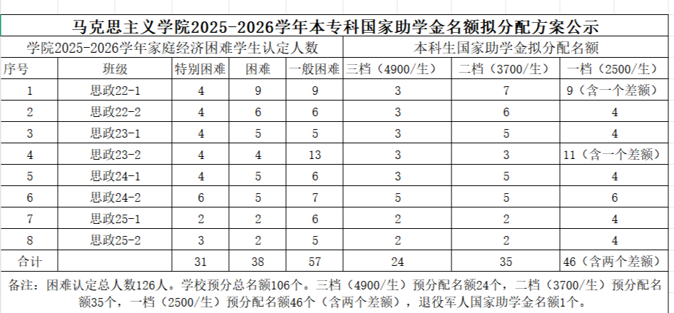 根据《成都大学关于做好2025年普通高等学校本专科生国家助学金评审工作的通知》相关要求,csgo投注 2025-2026学年国家助学金预分名额共106名。现将csgo投注 国家助学金名额分配方案公示如下:
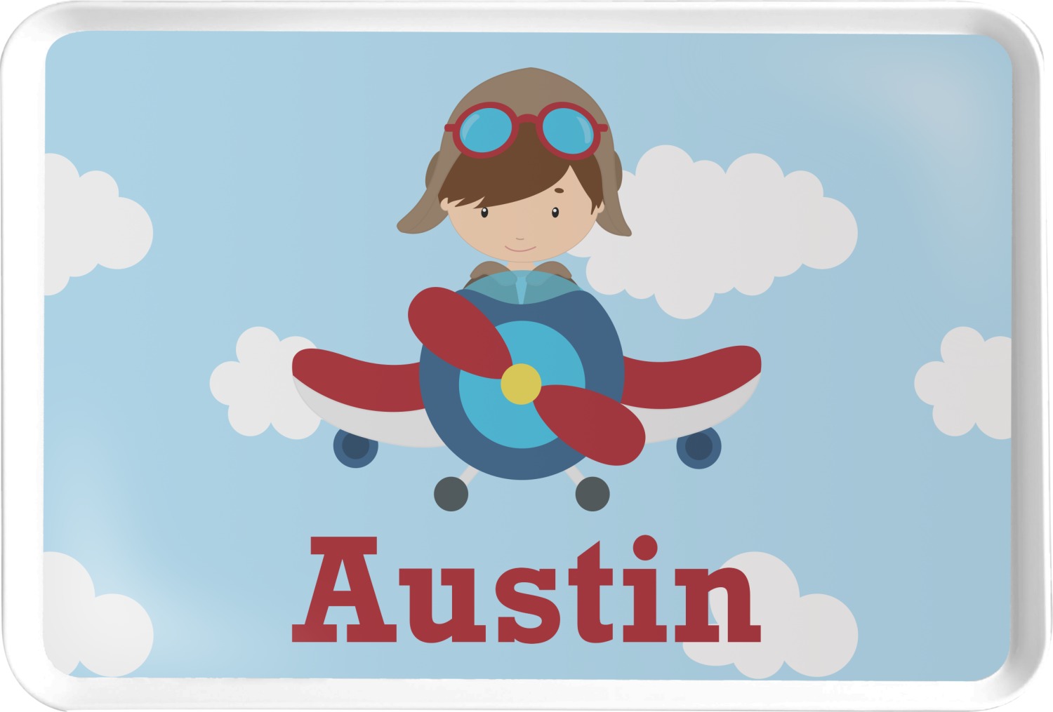 Do you have a little man that loves planes? Soaring through on a backdrop of a beautiful blue cloudy sky is our fun flying aviator piloting his own personal plane brightly colored in shades of red and blues. Don't forget to add that special touch by customizing the design with your little guy's name.
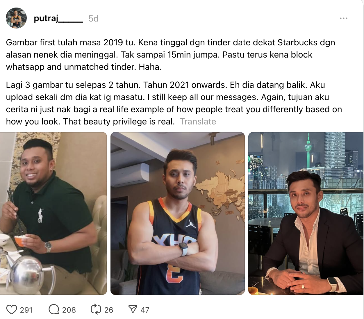 In light of her return, Putra wrote: “The purpose of my story is just to give a real life example of how people treat you differently based on how you look. That beauty privilege is real.”
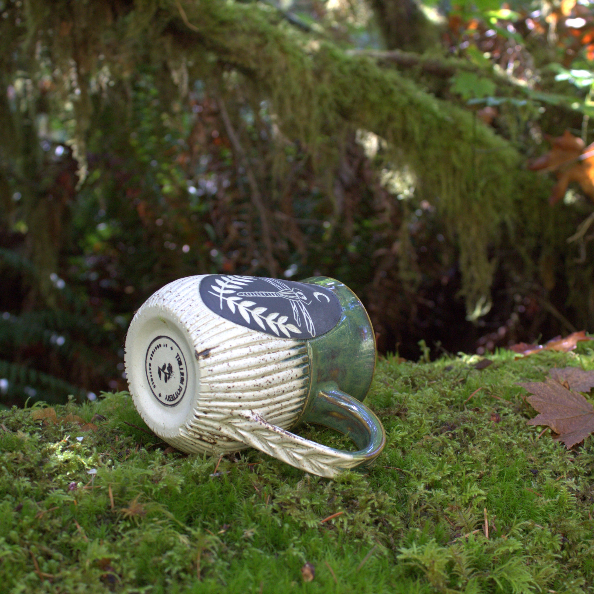 Elevate your morning coffee or tea ritual with this completely unique and one-of-a-kind ceramic mug with hand-carved designs.
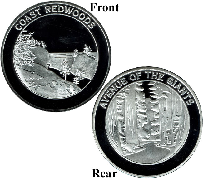 1) 'Costal Redwoods', Image of forest and a lake/ 'Avenue of the Giants', Road through the forest.
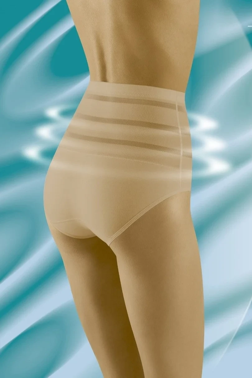 Dámské kalhotky s vysokým střihem, které obepínají postavu. Zplošťují břicho a zvýrazňují linii pasu. Pas je podšitý silikonovou gumou, která zabraňuje sjíždění a posouvání prádla.
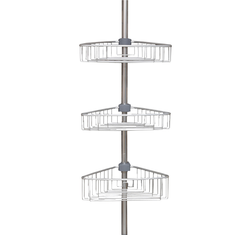 Γωνιακή ραφιέρα μπάνιου 3όροφη από αλουμίνιο με πτυσσόμενη ράβδο (135-270cm) η οποία προσαρμόζεται μεταξύ δαπέδου και οροφής της ντουζιέρας.
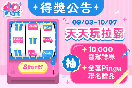 【得獎公告】歡慶寶雅40週年慶 天天拉霸抽萬元獎金
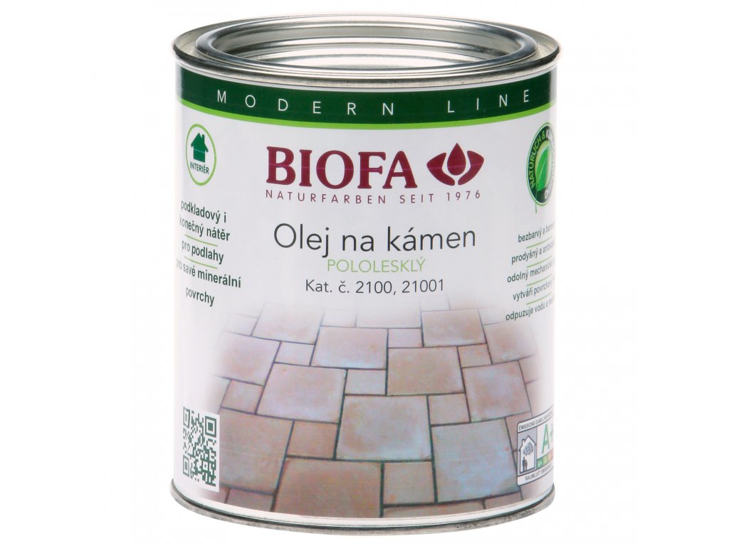 BIOFA Olej na kámen se vyrábí z vysoce hodnotných surovin, vytváří pololesklý povrch, který je odolný a hydrofobní a má minimální sklon ke žloutnutí. Je vhodný jako bezbarvý nebo transparentně zbarvený podkladový i konečný nátěr na savé minerální podlahy v interiérech. ZAbarvnéný olej má krycí schopnost, jednotlivé odstíny lze libovolně vrstvit.

---*---

Every line above in the stretch from the one with "Elevate your morning" through the one with "1) 'Costal Redwoods', Image" is to be transcribed exactly, ends included. No picture is copied.

 Elevate your morning coffee or tea ritual with this completely unique and one-of-a-kind ceramic mug with hand-carved designs.
 1) 'Costal Redwoods', Image of forest and a lake/ 'Avenue of the Giants', Road through the forest.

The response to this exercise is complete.